Only the lines below from the one containing "Gilet Zippé sur" through the one containing "Rev. Lombardo held" belong in the answer, set down exactly, with the pictures left out.

======== Material provided ========

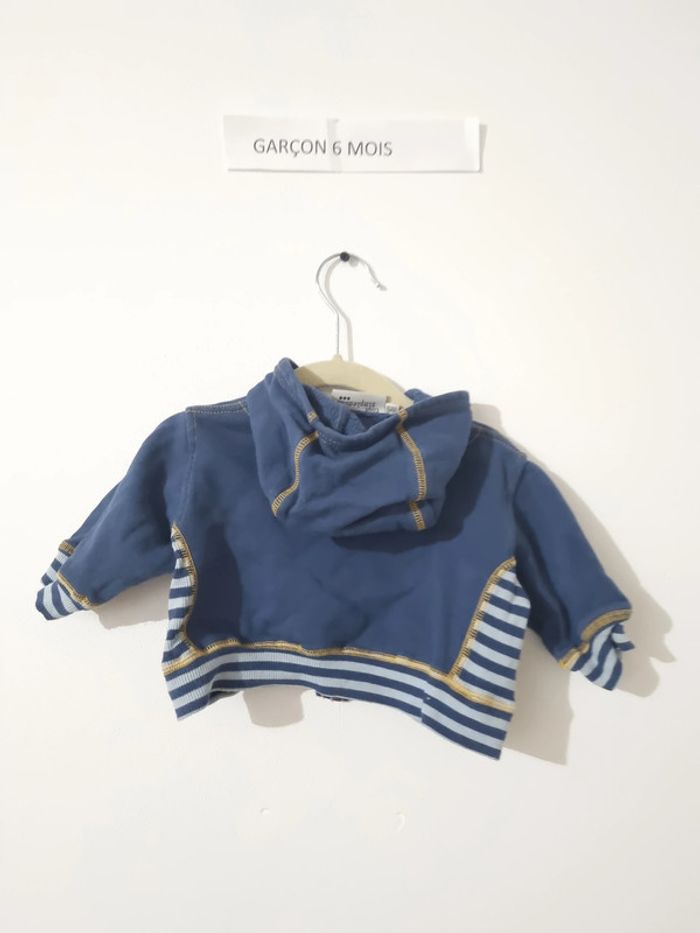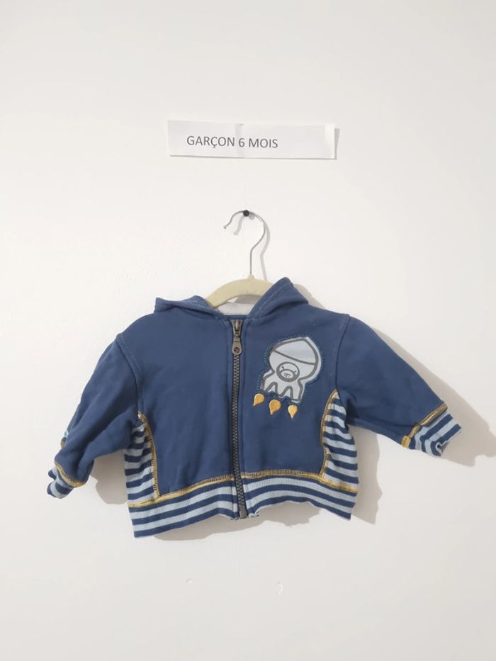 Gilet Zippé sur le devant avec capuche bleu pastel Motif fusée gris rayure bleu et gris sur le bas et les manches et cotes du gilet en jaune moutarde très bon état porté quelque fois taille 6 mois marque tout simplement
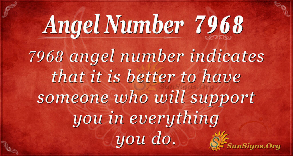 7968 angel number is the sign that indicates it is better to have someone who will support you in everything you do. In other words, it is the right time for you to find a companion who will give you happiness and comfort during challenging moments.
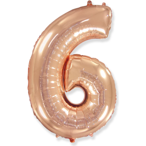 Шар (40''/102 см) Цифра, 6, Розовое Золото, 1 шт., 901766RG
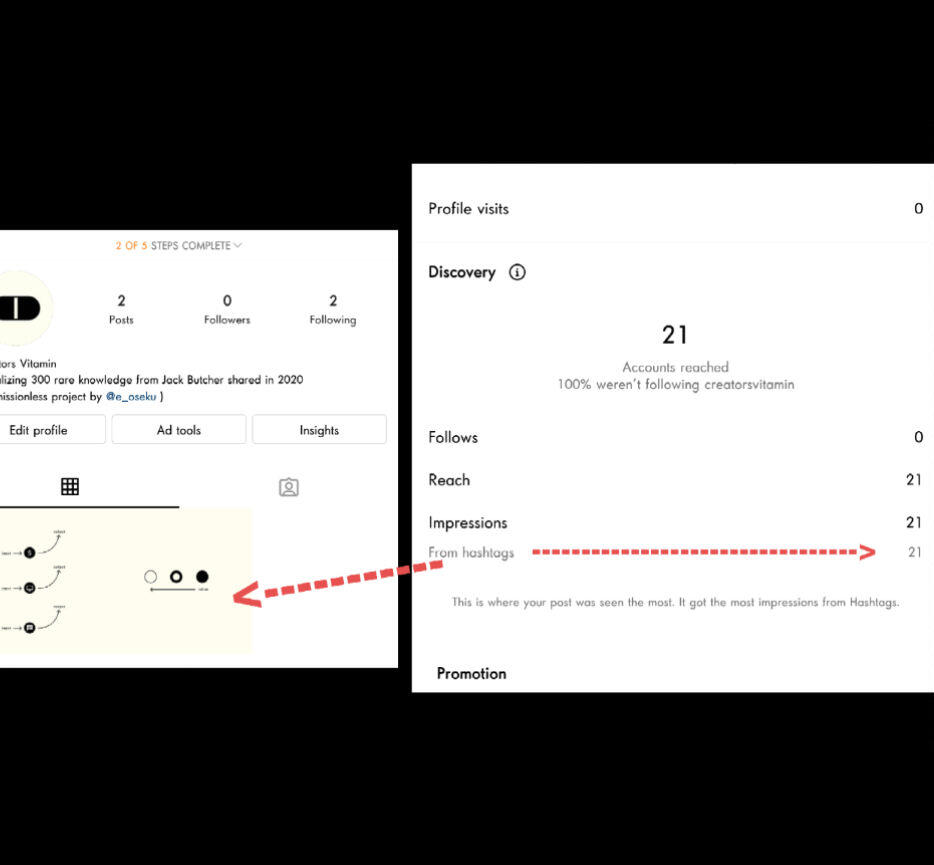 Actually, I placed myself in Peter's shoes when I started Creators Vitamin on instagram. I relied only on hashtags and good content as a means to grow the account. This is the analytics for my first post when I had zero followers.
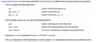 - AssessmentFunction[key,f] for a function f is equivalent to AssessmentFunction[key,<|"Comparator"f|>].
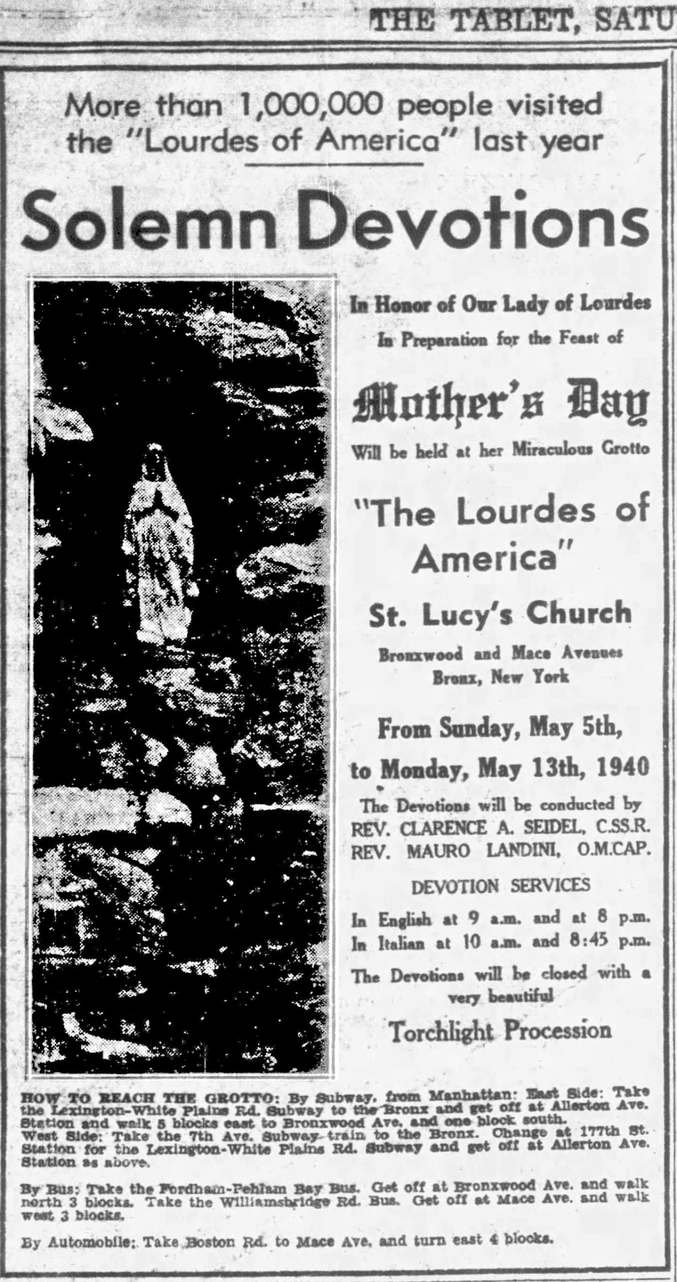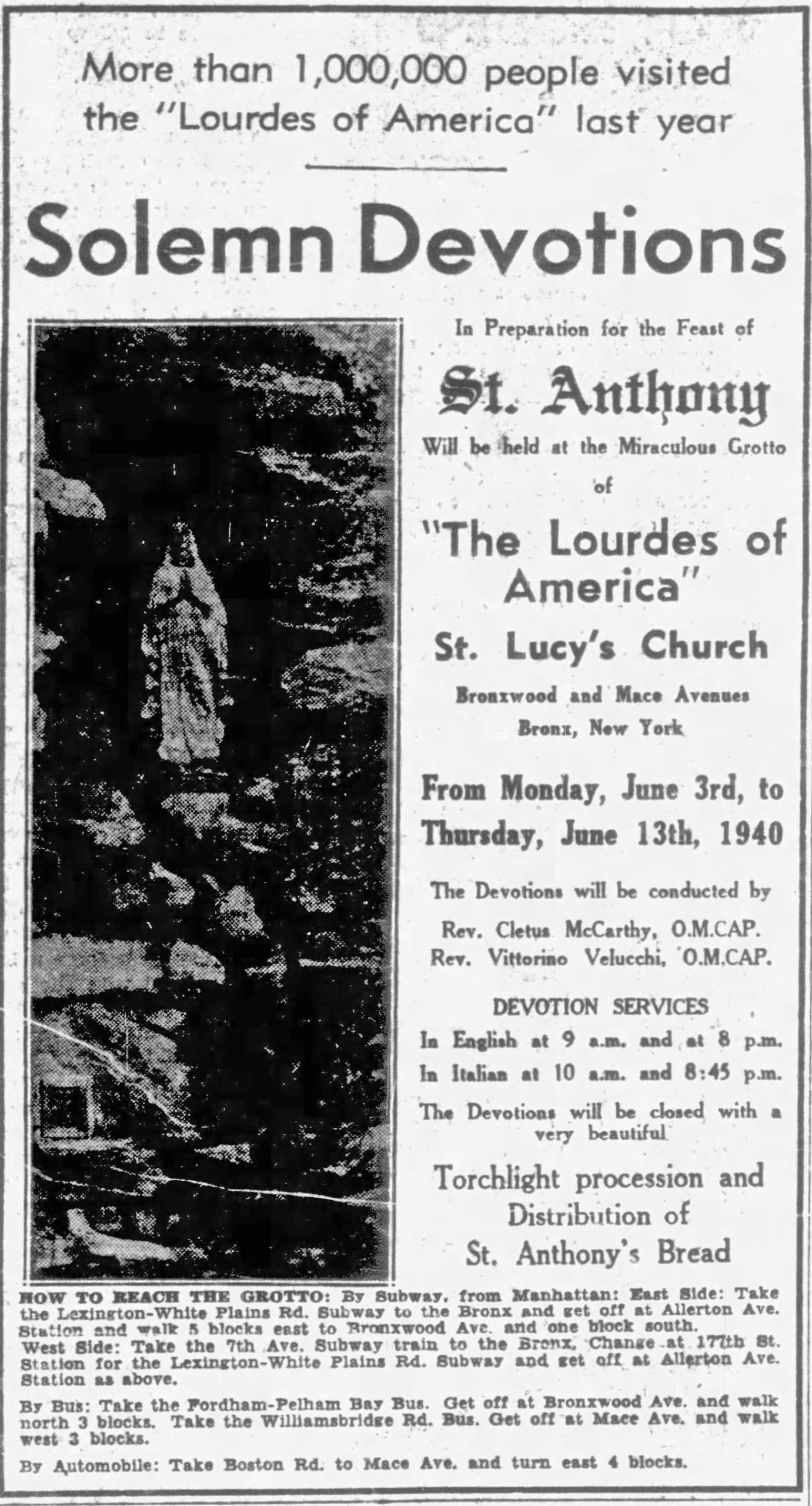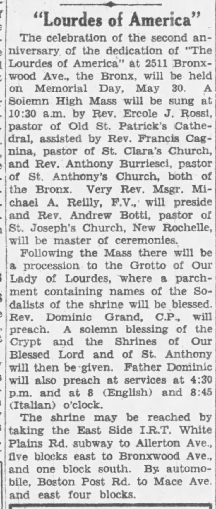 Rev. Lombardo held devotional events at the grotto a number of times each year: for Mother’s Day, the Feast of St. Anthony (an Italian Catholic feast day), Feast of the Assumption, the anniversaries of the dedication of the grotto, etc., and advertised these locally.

========
======== Material provided ========

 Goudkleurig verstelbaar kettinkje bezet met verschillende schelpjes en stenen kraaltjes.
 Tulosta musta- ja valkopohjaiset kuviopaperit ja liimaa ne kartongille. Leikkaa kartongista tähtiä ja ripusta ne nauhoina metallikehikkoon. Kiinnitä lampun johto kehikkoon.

========
======== Material provided ========

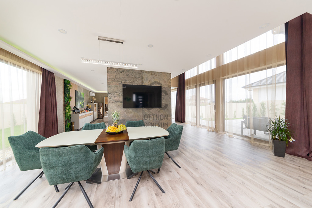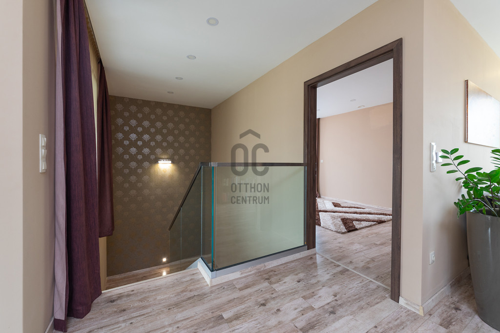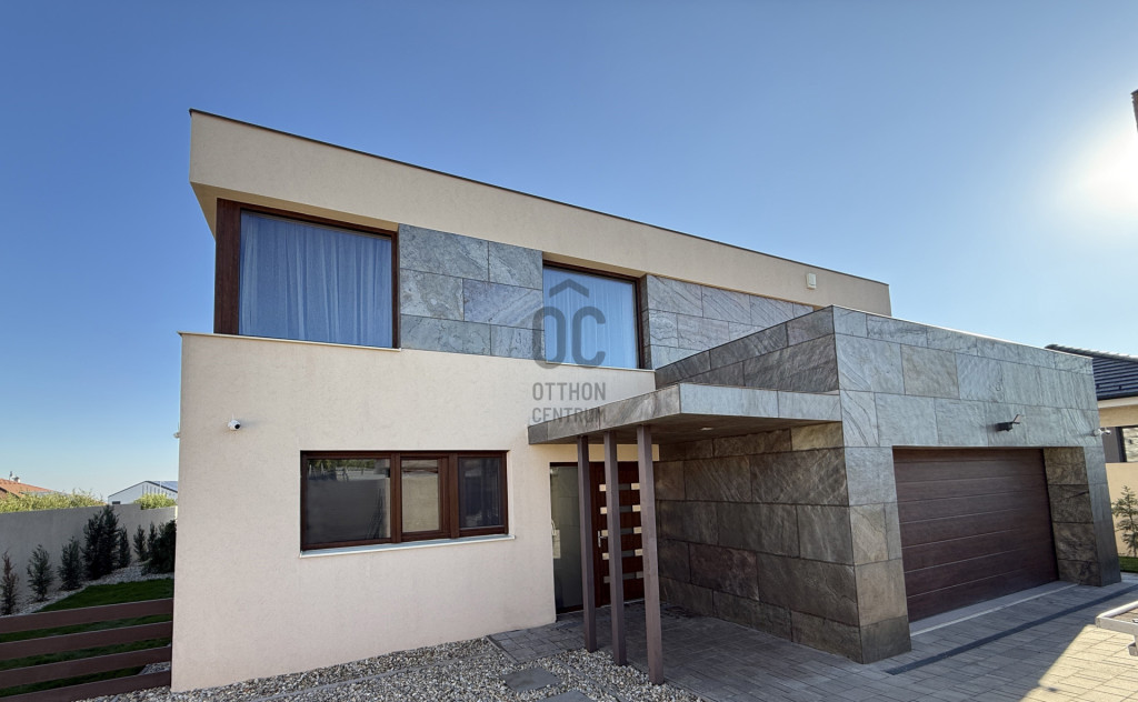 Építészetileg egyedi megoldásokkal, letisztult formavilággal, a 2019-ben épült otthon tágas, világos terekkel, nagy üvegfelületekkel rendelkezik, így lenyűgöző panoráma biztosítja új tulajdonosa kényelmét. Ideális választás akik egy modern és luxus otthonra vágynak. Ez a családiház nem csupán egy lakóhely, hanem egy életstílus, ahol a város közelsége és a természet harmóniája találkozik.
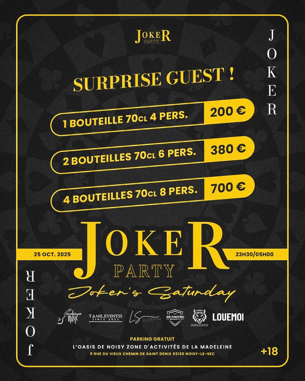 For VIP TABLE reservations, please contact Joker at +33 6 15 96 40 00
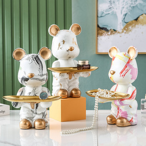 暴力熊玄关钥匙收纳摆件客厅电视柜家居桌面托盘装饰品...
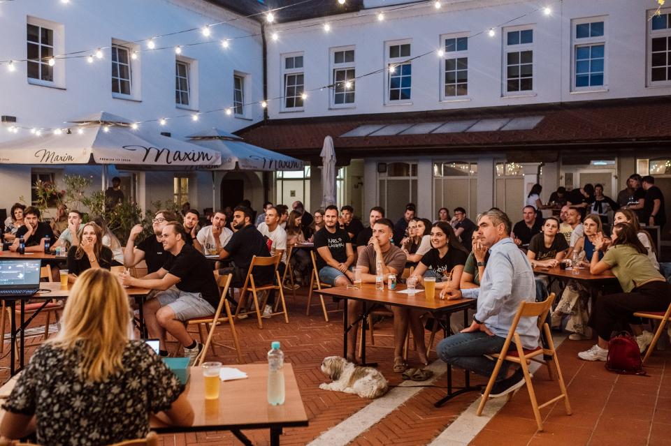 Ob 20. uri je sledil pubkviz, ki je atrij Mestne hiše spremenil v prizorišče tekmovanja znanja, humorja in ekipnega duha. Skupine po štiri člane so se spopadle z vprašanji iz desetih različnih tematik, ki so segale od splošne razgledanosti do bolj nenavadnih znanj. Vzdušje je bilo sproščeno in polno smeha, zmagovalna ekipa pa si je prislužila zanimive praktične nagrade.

========

Answer box
 Gilet Zippé sur le devant avec capuche bleu pastel Motif fusée gris rayure bleu et gris sur le bas et les manches et cotes du gilet en jaune moutarde très bon état porté quelque fois taille 6 mois marque tout simplement
 7968 angel number is the sign that indicates it is better to have someone who will support you in everything you do. In other words, it is the right time for you to find a companion who will give you happiness and comfort during challenging moments.
 Шар (40''/102 см) Цифра, 6, Розовое Золото, 1 шт., 901766RG
 Actually, I placed myself in Peter's shoes when I started Creators Vitamin on instagram. I relied only on hashtags and good content as a means to grow the account. This is the analytics for my first post when I had zero followers.
 - AssessmentFunction[key,f] for a function f is equivalent to AssessmentFunction[key,<|"Comparator"f|>].
 Rev. Lombardo held devotional events at the grotto a number of times each year: for Mother’s Day, the Feast of St. Anthony (an Italian Catholic feast day), Feast of the Assumption, the anniversaries of the dedication of the grotto, etc., and advertised these locally.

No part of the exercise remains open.